Copy number variation made determining the positional homology of repeats problematic, so the following were edited from the ITS1 alignment: the 3′-copy of two 5′-subrepeats present in two clones each from An. irenicus and An. farauti, the 5′-copy of the core repeats, and the 3′-copy of the 67-bp repeat from An. irenicus and An. farauti. Two tandem copies of the 21-bp and terminal length variation at the 5′-end of the spacer, from a 6-bp overlap in An. farauti 6, were also removed. Finally, all length variation was removed from a GTn dinucleotide repeat that was highly variable within individuals and populations.
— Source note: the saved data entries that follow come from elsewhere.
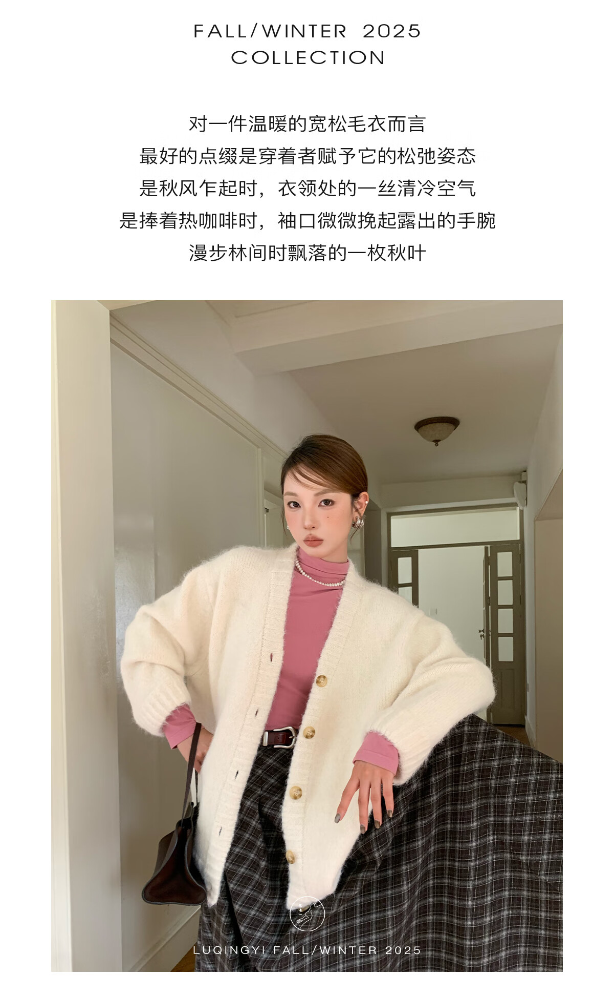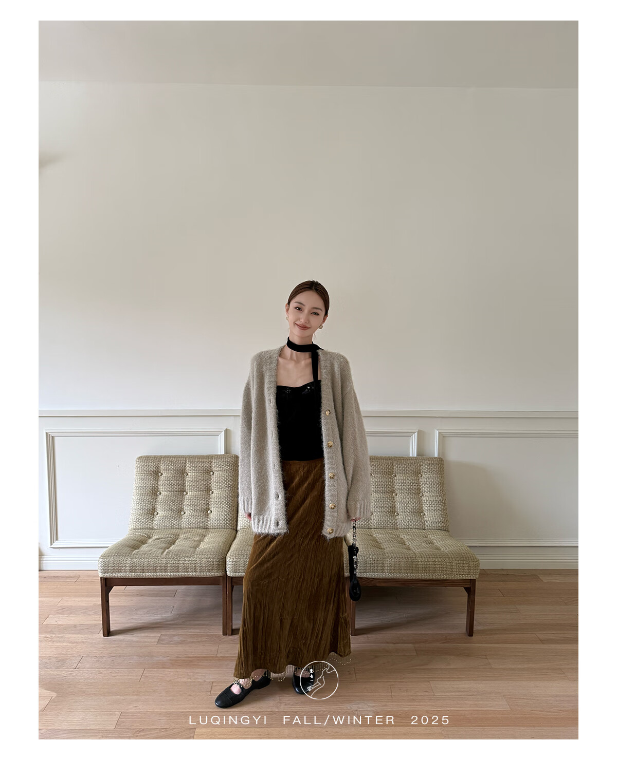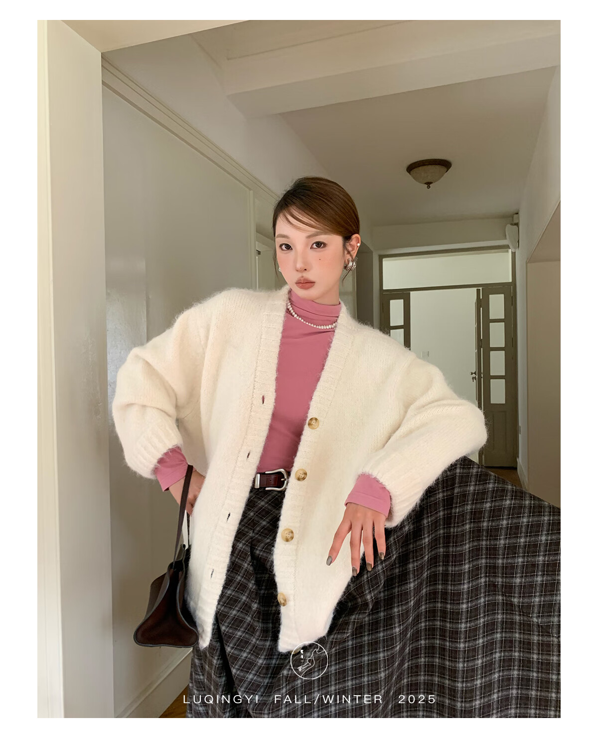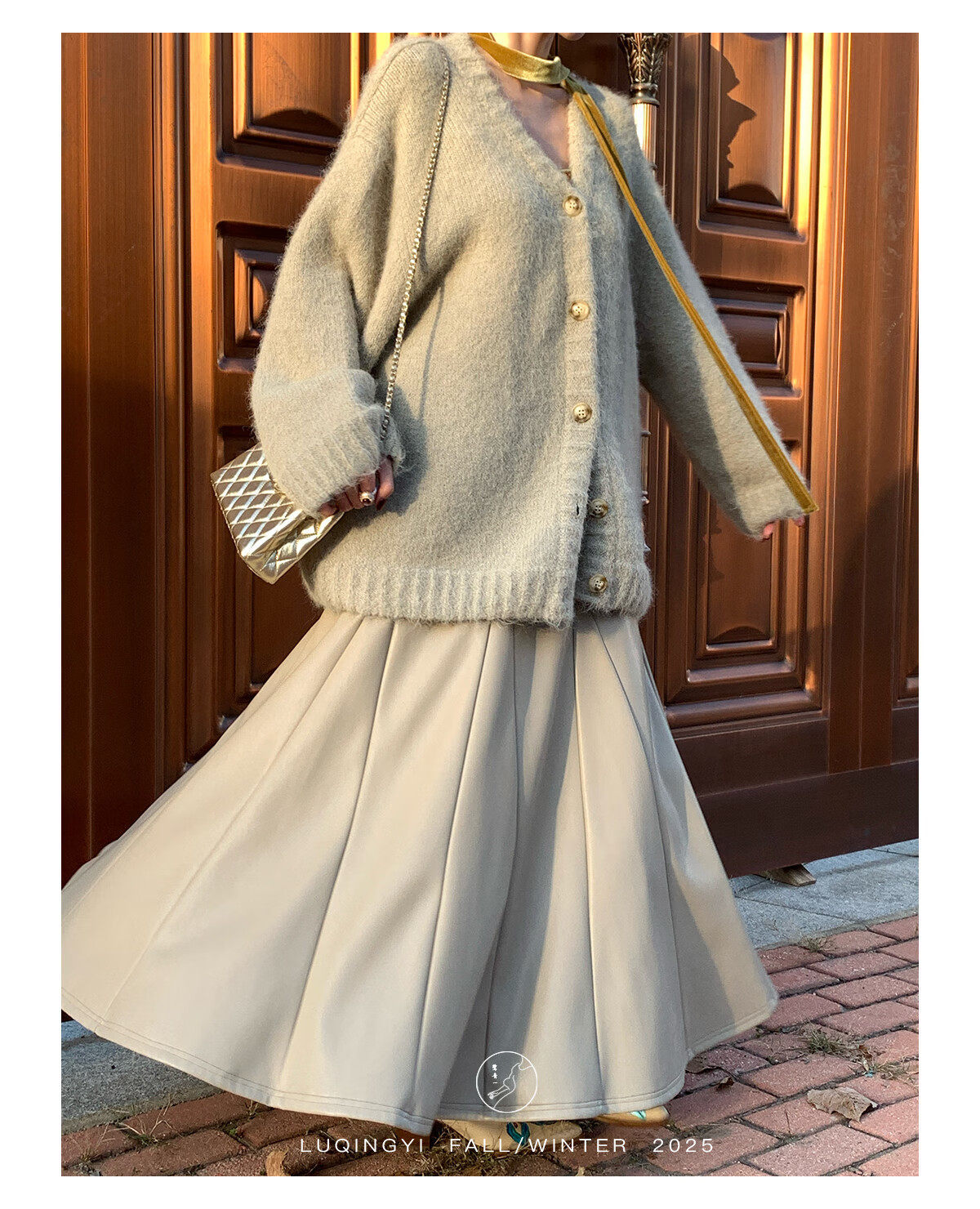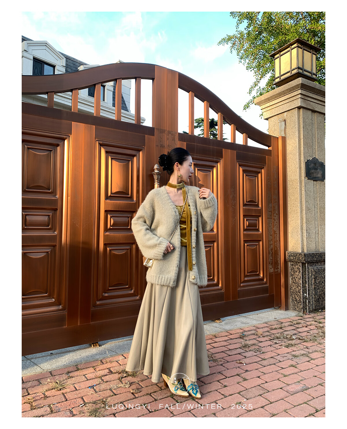 Lu Qingyi Original Chenwai Wool Knitted Sweater Women's Autumn Lazy Wind Brushed Warm Loose V-neck Cardigan Bean Green (Second Batch) M Wear for Photos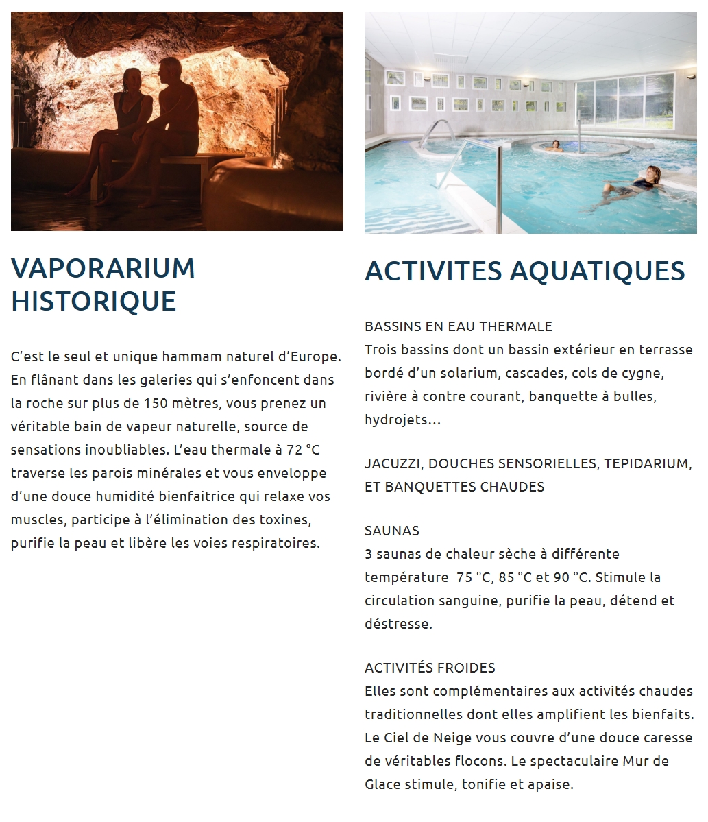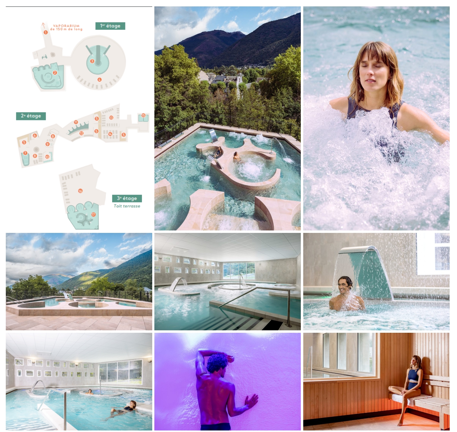 Notre partenariat avec les thermes de Luchon ont permis de vous proposer après votre journée de vélo deux heures de détente et relaxation dans les bains de la balnéothérapie afin de récupérer, et vous reboostez.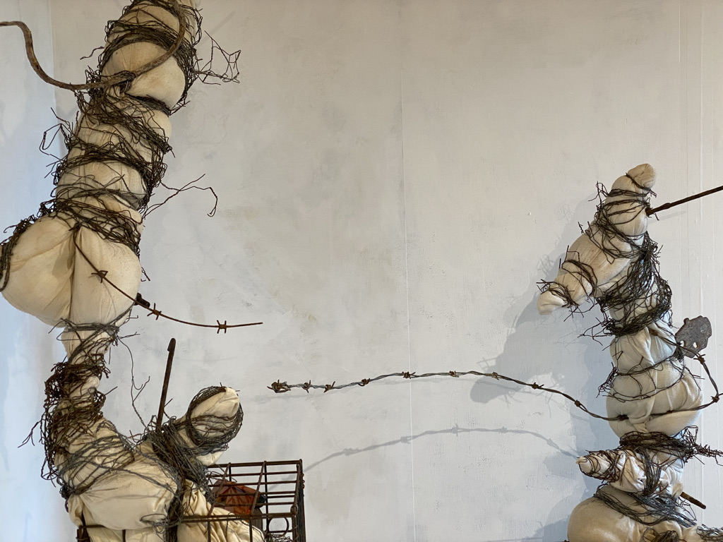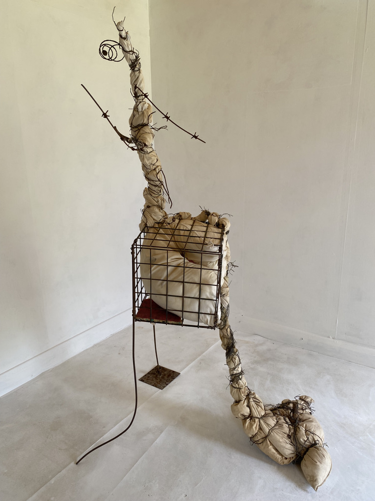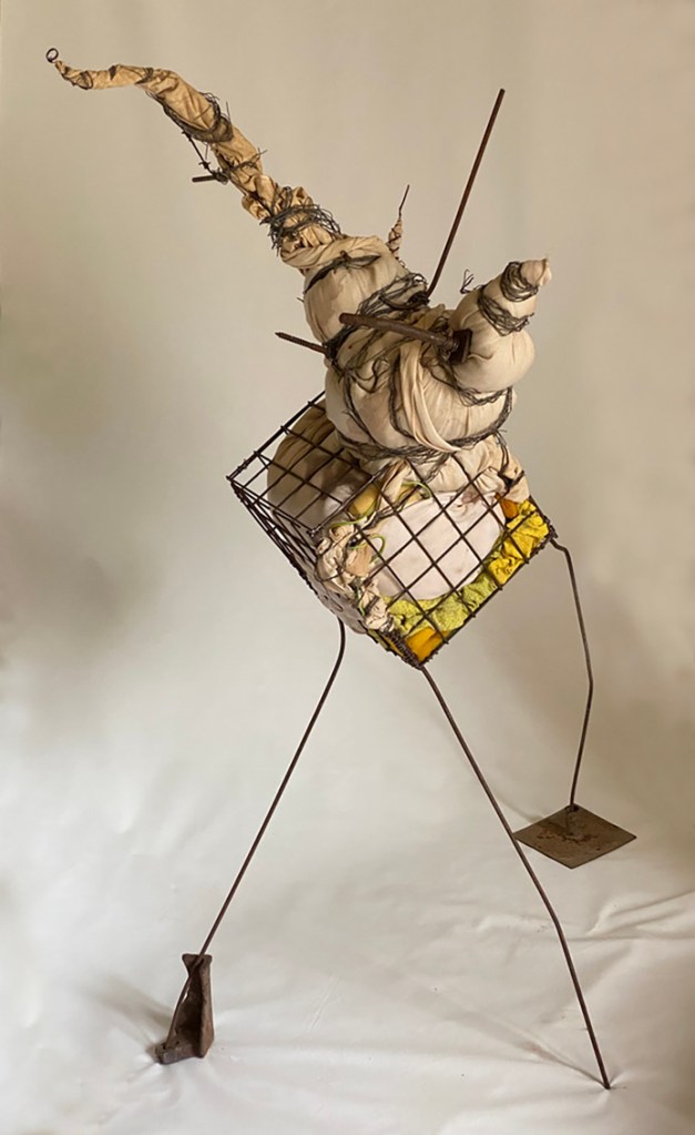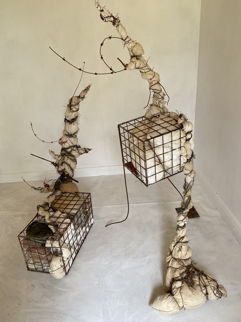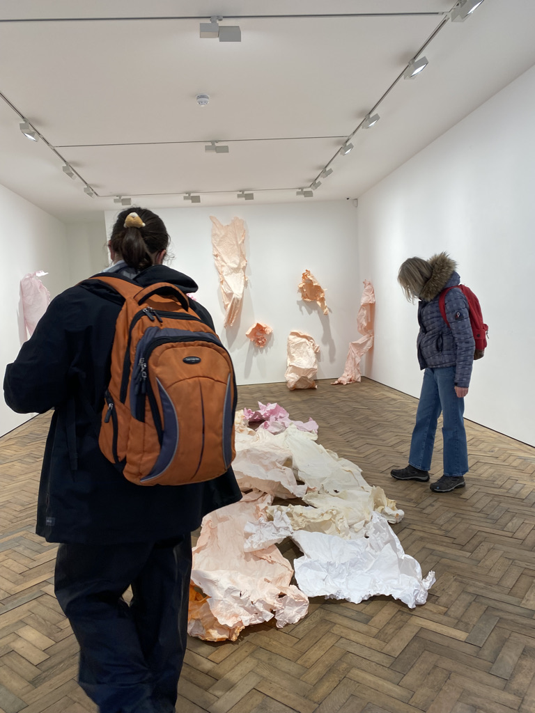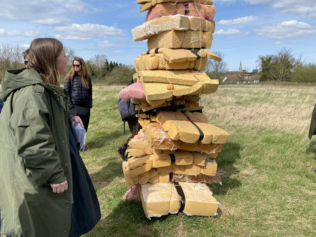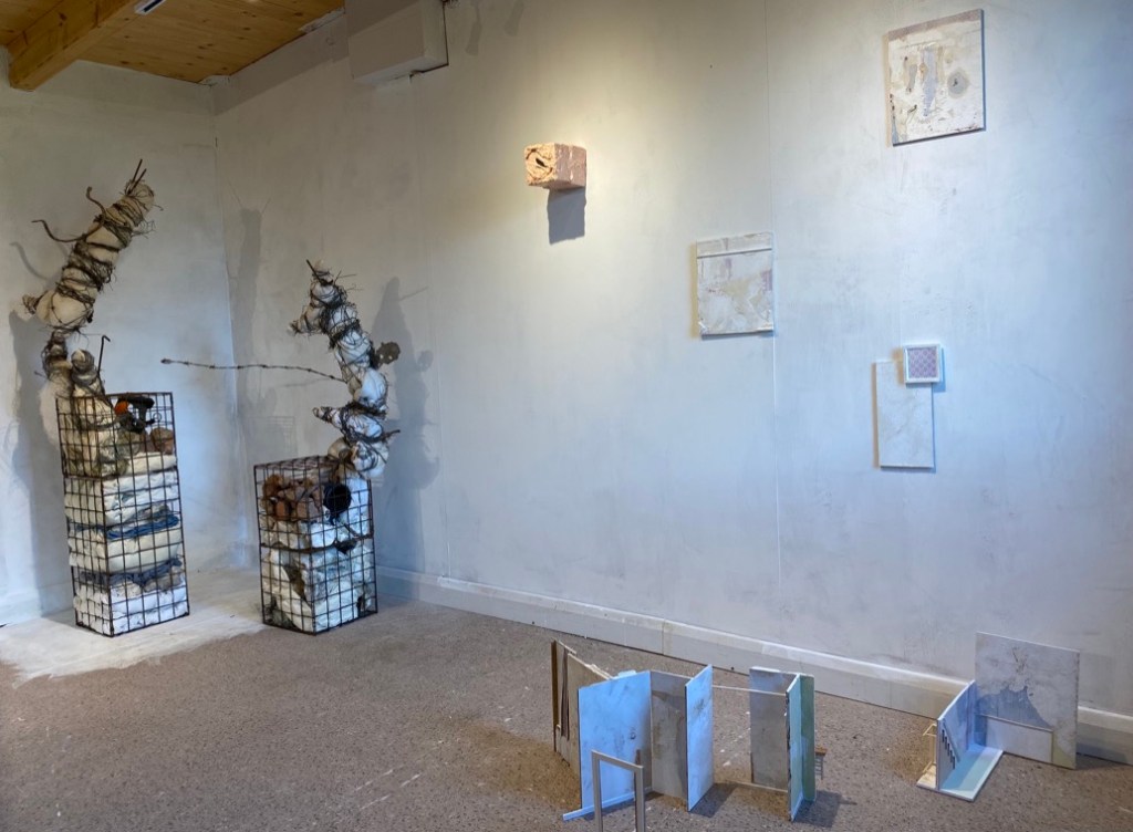 In the resulting sculpture, the original ‘bouquet’ assemblages are lashed to the front, back and sides of the A frame below the collage. The viewer is encouraged to walk round the piece and view from all sides. The piece has been shown in the group exhibition “Traces” on the theme of remembrance at Chapel Arts Studios in Andover. I gave it the title RIP Fraxinus Ex in reference to both the human act of memorialisation and to the Latin name of the ash tree. The exhibition venue was the place where the original ‘bouquet’ assemblages had been made last year bringing the project full circle in some senses, though also presenting a need to unpack and simplify.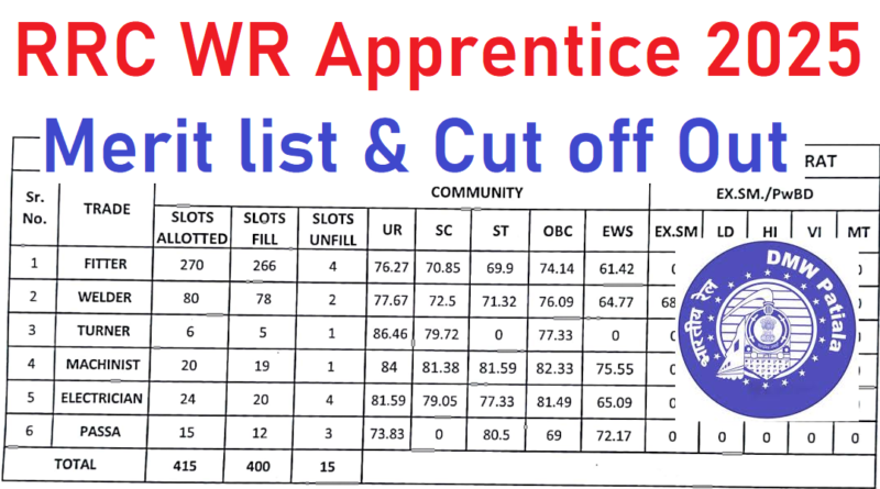 Western Railway Apprentice Merit list and Cut off 2024-25 Out: Western Railway की ओर से 5066 Posts पर Apprentice निकली थी जिसका Online 29-10-2024 तक भरे गये थे | RRC WR Apprentice Merit list 2024 जारी होना शुरू हो चूका है | Western Railway Apprentice 2024 Document verification 2024-25 की जानकारी Mail पर भेजी जा रही है | आज WR Dahod Apprentice Merit list selected candidates को mail आया है |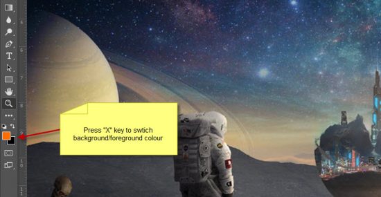 You would find that quite often you need to switch background/foreground colour. A faster way to do this is to press the “X” key – this is much quicker then using the colour picker:
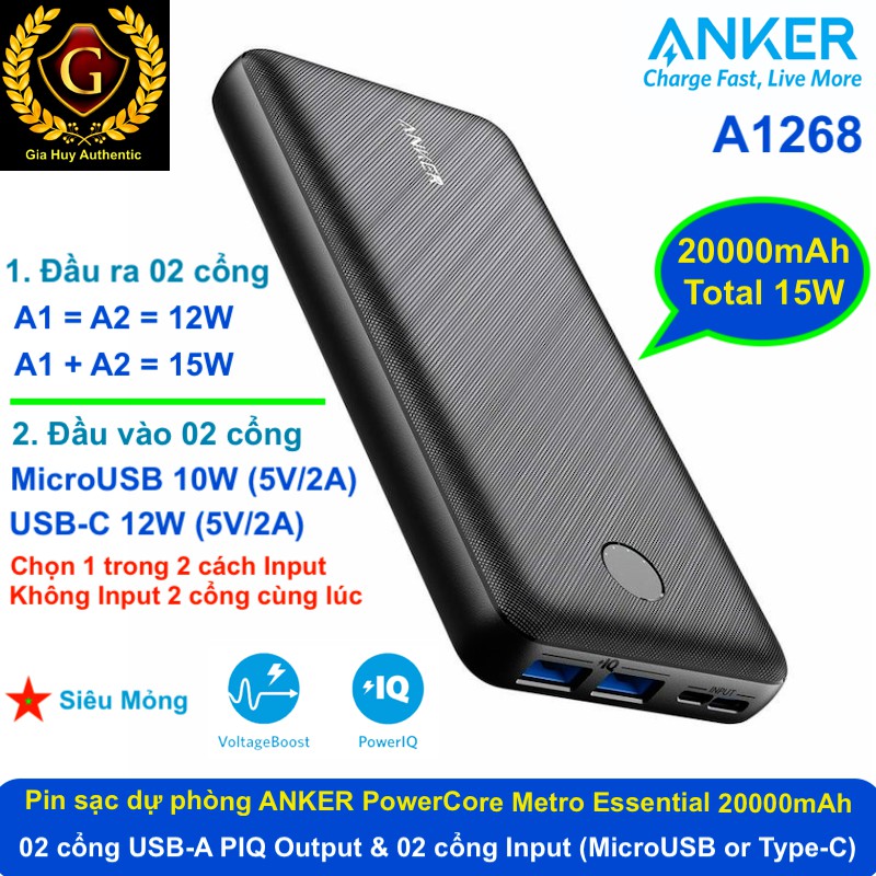 Điện Thoại & Phụ Kiện > Pin sạc dự phòng > 10000 - 20000mAh || Pin sạc dự phòng ANKER PowerCore METRO Essential 20000mAh - A1268Còn hàng
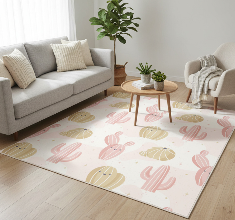 Floral vinyl rug with adorable cactus design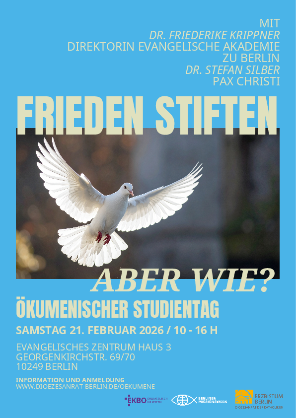 Das Schwerpunktthema „Frieden stiften – aber wie?“ lockte mehr als 70 Interessierte zum diesjährigen Ökumentreffen des Konvents der Ökumenebeauftragten im Sprengel Berlin und des Diözesanrats der Katholiken im Erzbistum Berlin.

Visual inspection of the ITS1 alignment showed that the PCR-RFLP genotypes described by Beebe et al. (2000a) are caused by eight conserved and two polymorphic MspI restriction sites. The RFLPs reflect the presence or absence of an internal repeat, restriction sites within repeats, the two polymorphic sites, and the geographic distribution of this variation. The numbers of polymorphic sites overall (sites with gaps excluded) for the 5′-subrepeat and core were 51 and 120, respectively. Seven singletons occur in the 5′-subrepeat and 30 in the core. No singleton gapped sites occur in the former, though three singleton gaps cover 11 sites in the latter: all deletions of short direct repeats in An. farauti. In only three cases were variant nucleotides restricted to a single individual, all located in the core. The average ML distance was 0.0141 for the 116 An. farauti ITS1 sequences containing the 5′-subrepeat and 0.0049, 0.0036, and 0.0037 for the single population samples of An farauti 6, 7, and 8, respectively. Most notably, the average ML distance for all An. farauti 5′-subrepeat sequences was twice that of the core sequences: 0.0229 versus 0.0115.

Comparisons of nucleotide polymorphisms among populations had to be restricted to the core region. Nine sequences from each of 19 populations were compared, including the 1996 samples from Rabaul (Table 2). The isolated Pacific island populations had a lower average ML distance, though this is not a general feature of all island samples. The single interspecific comparison possible here indicates that the core region from both the An. irenicus and the An. farauti populations on the island of Guadalcanal are equally divergent, at 0.0038. Of a total number of 96 segregating sites, only 8 contained more than two different nucleotides. A majority of the length variation in the core region was caused by copy number variation of the 21-bp repeat, GTn dinucleotide repeat, and 67-bp repeat.

Table 2 Summary statistics of the ITS1 core region from 19 An. farauti populations

Molecular Evolution

The 5′-subrepeat and core partitions of the ITS1 alignment contained 84 and 157 unique site patterns, respectively, while under a single model there were 212. Likelihood mapping indicated that tree-like phylogenies are produced using the whole ITS1, but with 5.9% of quartets unresolved, some internal polytomies would be present. By comparison, a high proportion of star-like trees was generated from the 5′-subrepeat (19.4%) and core alignments (13.6%). Bayesian analysis was therefore conducted using the whole ITS1 alignment only. An analysis of the core alignment was attempted, but these trees were poorly resolved. No evidence for recombination was found after analyzing the ITS1 alignment with the RDP package of recombination detection methods. Homogeneity of base composition among all the aligned sequences was also confirmed by the chi-square test (< 0.05).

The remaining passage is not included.